(Code 1981, §14-9-803, enacted by Ga. L. 1988, p. 1016, § 1; Ga. L. 1989, p. 931, § 14.)
Law reviews.- For note on 1989 amendment to this Code section, see 6 Ga. St. U. L. Rev. 184 (1989).
COMMENTNote to Georgia Revised Uniform Limited Partnership Act This section states who may wind up the limited partnership's affairs after dissolution, and the powers of such persons. It applies to the exclusion of Section 14-8-37 (see Section 14-9-1204).
Prior Georgia Law In the absence of a limited partnership act provision, the Uniform Partnership Act applied. Section 14-8-37 provides for winding up of a partnership by non-wrongful partners, the legal representative of the last surviving partner, or by the court "upon cause shown."
Comparison With Official RULPA Subsection (a) was changed from the official version to clarify that withdrawn partners may not participate in winding up unless otherwise agreed. This was made particularly unclear in RULPA by the reference to partners "who have not wrongfully dissolved:" Since the usual method of wrongful dissolution is voluntary withdrawal in violation of the partnership agreement, RULPA implies that rightfully withdrawing partners can participate in winding up. Unlike under RULPA, a general partner who has engaged in wrongful conduct without withdrawing may participate in winding up unless the limited partnership's affairs are wound up by the court or unless the agreement provides otherwise. Subsection (b) is based on Section 17-803 of the Delaware Revised Uniform Limited Partnership Act, Del.
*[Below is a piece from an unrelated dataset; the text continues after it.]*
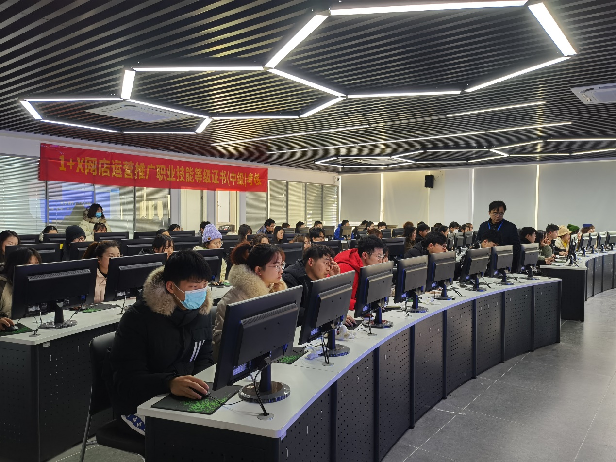 为贯彻落实《国家职业教育改革实施方案》中1+X证书制度试点工作的要求,加快推进我校课证融通教学改革实践,根据教育部1+X证书试点工作安排,1月9日,经济贸易学院网店运营推广(中级)职业技能等级证书考试在第二实训楼903进行,经济贸易学院电子商务专业66名学生参加了此次考试。

Code Ann. tit. 6, Section 17-803 (Supp. 1986).
Cross-References Limited partnership continues to exist after dissolution until cancellation of certificate: §§ 14-8-30,14-9-201(b). Post-dissolution partner acts binding the partnership: § 14-8-33 et seq. When general partner ceases to be such: § 14-9-602. Wrongful withdrawal of general partner: § 14-9-602(c). Causes of dissolution of limited partnership: § 14-9-801.
RESEARCH REFERENCES
Am. Jur. 2d.
- 59A Am. Jur. 2d, Partnership, § 898.
C.J.S.- 68 C.J.S., Partnership, § 610 et seq.